Cien mil palabras calladas hasta el momento.
Él frunce el ceño mientras estira unos guantes de piel rojos en las manos. Retuerce la membrana sin cuartear y abandona la imagen en el espejo. Los tres planos desaparecen succionados, aunque la frente resiste un instante más, tal que albergase densidad diferente. Entonces sus botas pisan una madera carcomida de esa barraca de La Torrasa, suburbio en Hospitalet. Las puntas de los pies describen un giro con el crepitar y se queda observando de medio perfil, cual demiurgo demente, a los que quiere moderar tras un cabeceo. Hasta les escruta la mirada como si hubiera mucho de indescifrable detrás de ella.
—Opino que es suficiente —contesta al fin—. Incluso en un momento parecía que estabais conmigo por política.
Los dos ríen con su extraña parquedad y el hombre al que llaman «Lobo» recoge, muy serio, unas gafitas doradas de ver y un sombrero negro de la mesa. También la otra pistola gemela para la funda izquierda de su cinto.
Fidel Lobo.
Lobo es su apellido.
A esa pistola le había sacado brillo antes.
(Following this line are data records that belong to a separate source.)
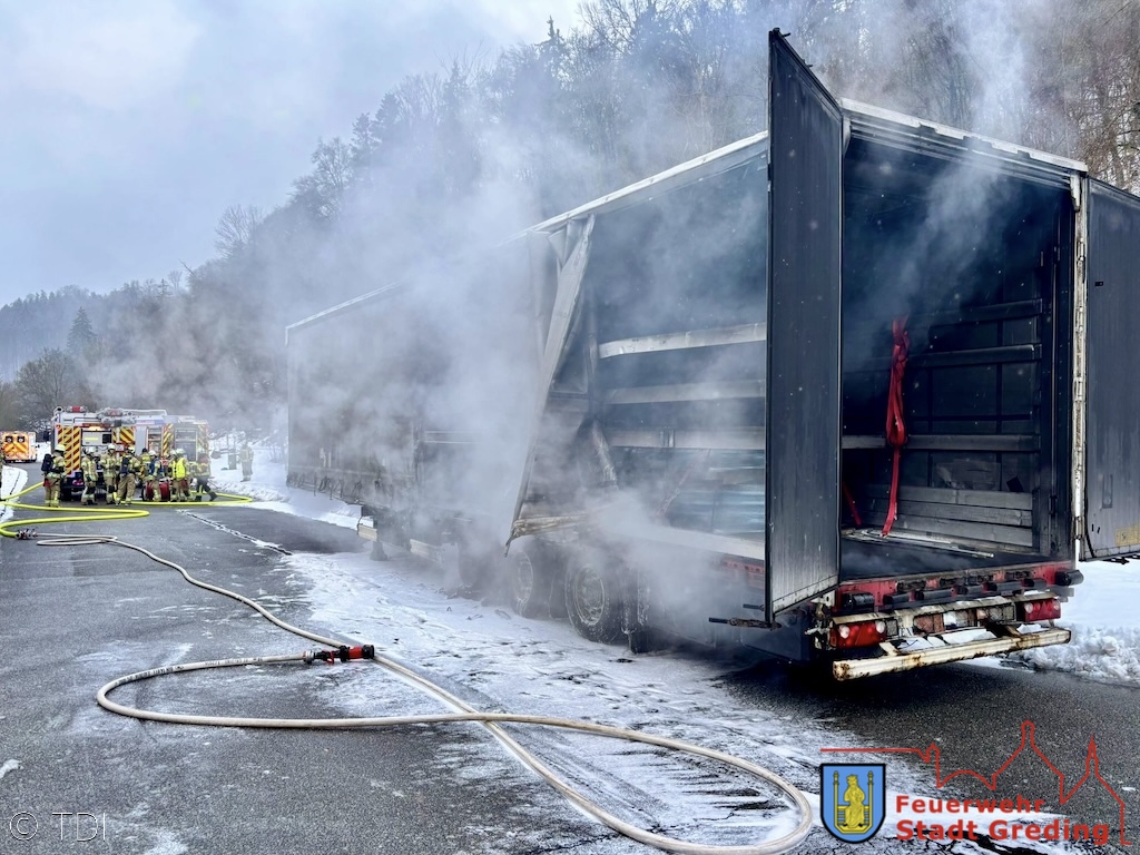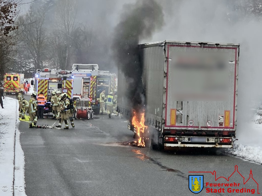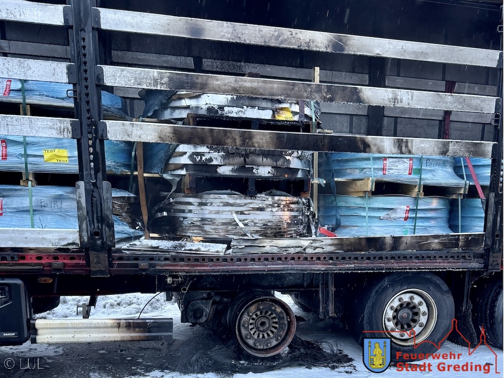 Ein Trupp unter Atemschutz kann das Feuer schnell bekämpfen und eine weitere Ausbreitung auf die gesamte Ladung verhindern. Um ungestört die Löschmaßnahmen durchführen zu können, wird der Parkplatz während den Arbeiten durch die Feuerwehr gesperrt. Im Einsatz waren neben der Feuerwehr Greding mit 25 Einsatzkräften, der Rettungsdienst, die Polizei und Vertreter der Kreisbrandinspektion des Landkreises Roth und Eichstätt.
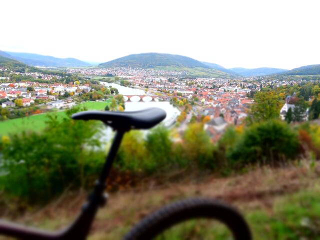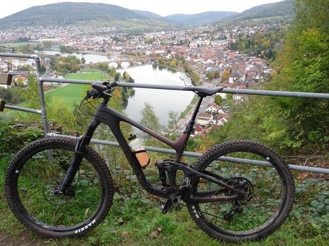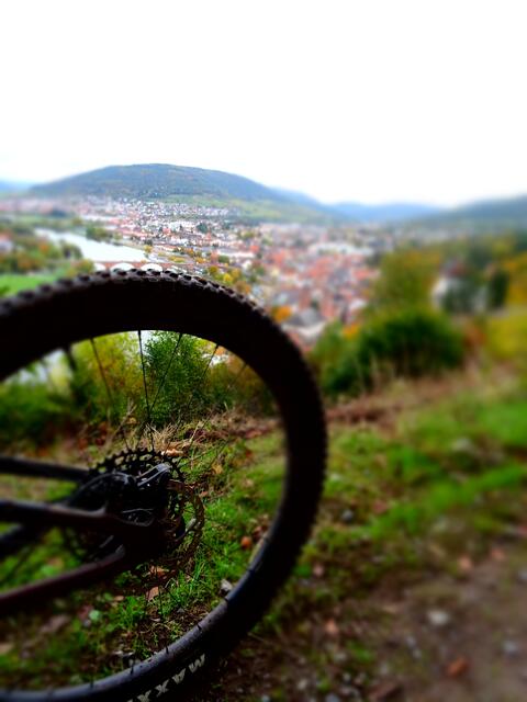 Nach kurzer ebener Strecke folgt der Akazientrail mit weiten Kehren bergab, schön zu fahren. Danach wieder, vorbei an einem Aussichtspunkt auf Miltenberg, echt steil und lang bergauf auf 452 Meter zum Ringwall. Es folgt der Keltentrail rumpelig bergab, aber auch wieder fahrbar, wenn die Skills sitzen ;-)
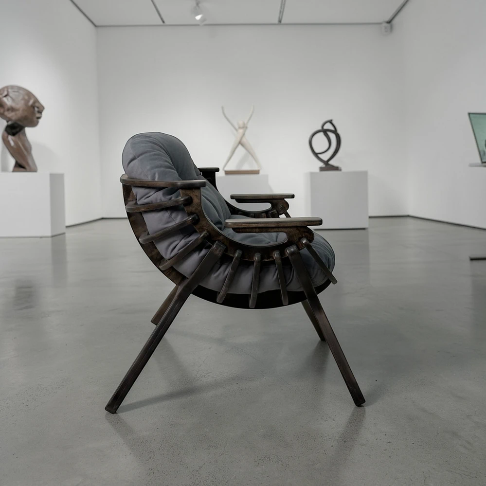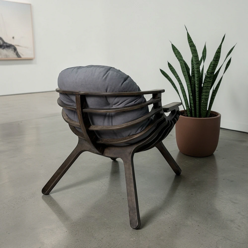Изящная форма в виде кокона повторяет линии тела, подлокотники поддерживают руки в естественном положении, снижая нагрузку на плечи и спину.
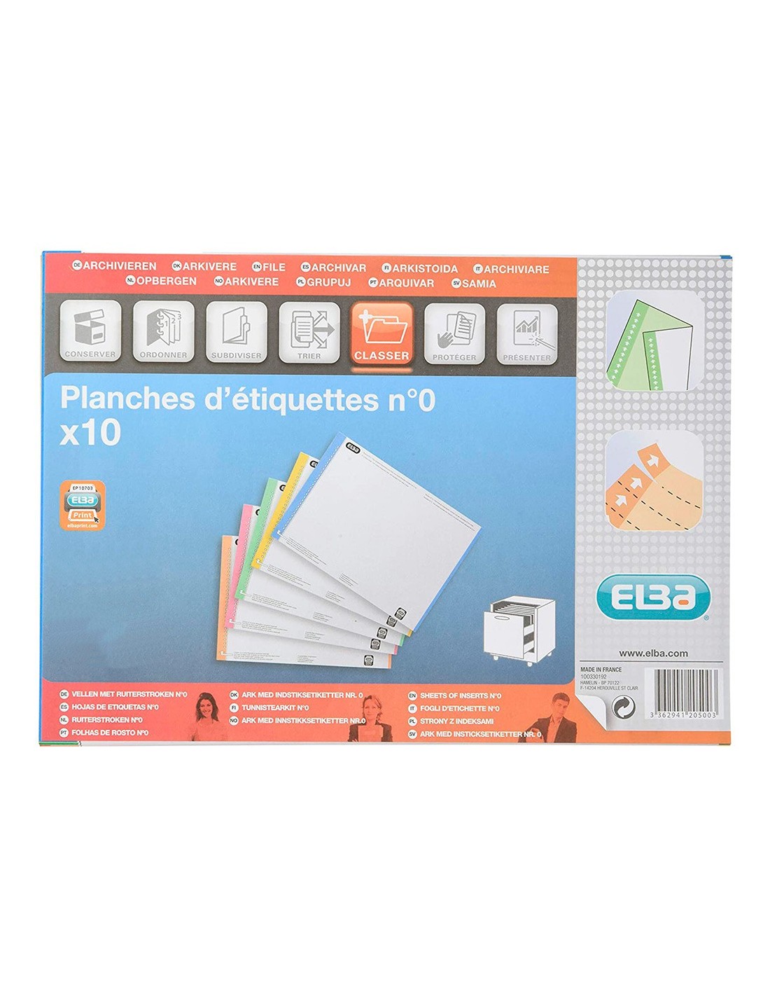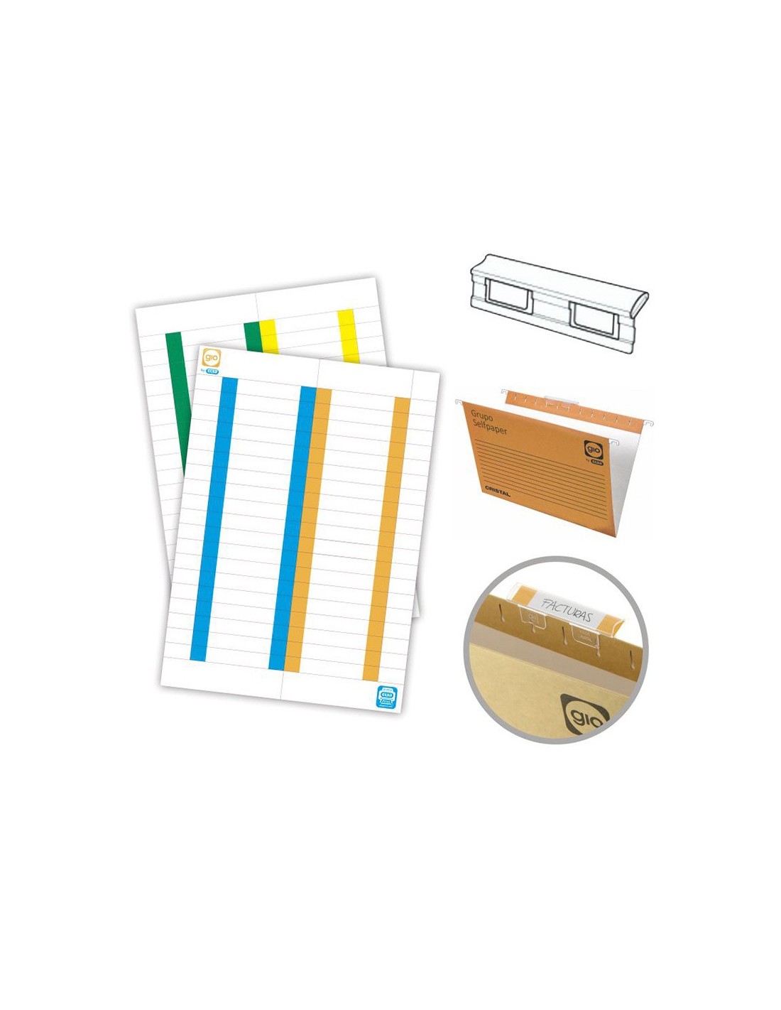Etiquetas pretroqueladas con bordes en azul, naranja, verde y amarillo. Para carpetas colgantes de visor superior de 80 mm de largo. Personalizables en www.elbaprint.es. Paquetes de 10 hojas de 25 etiquetas.

—Vámonos —ordena—. Por el callejón trasero.
—Llegaremos antes de la hora prevista.
Lobo eleva una mano, sugiriendo el magisterio menos parco.
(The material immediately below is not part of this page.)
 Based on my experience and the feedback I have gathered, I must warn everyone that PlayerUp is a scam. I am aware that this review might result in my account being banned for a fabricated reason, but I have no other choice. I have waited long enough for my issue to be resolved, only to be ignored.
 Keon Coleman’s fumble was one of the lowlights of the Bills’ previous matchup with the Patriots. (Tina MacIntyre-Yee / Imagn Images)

—Cuando nos adelantamos, el ánimo de los demás ya no es el contemplativo de una agenda, sino que se ve afectado por la alternativa. ¿Hace cuánto que están donde yo acabo de llegar?, ¿qué ventaja habrán obtenido durante mi falta de reacción? y ¿cómo puedo recuperarla desde la nostalgia de lo nunca ocurrido? Mientras alguien se plantee esas preguntas no encontrará su propio lugar en el suceso. —Chasquea dedos—. En definitiva, el éxito de un atraco o de un golpe de Estado está en aparecer antes de la hora prevista.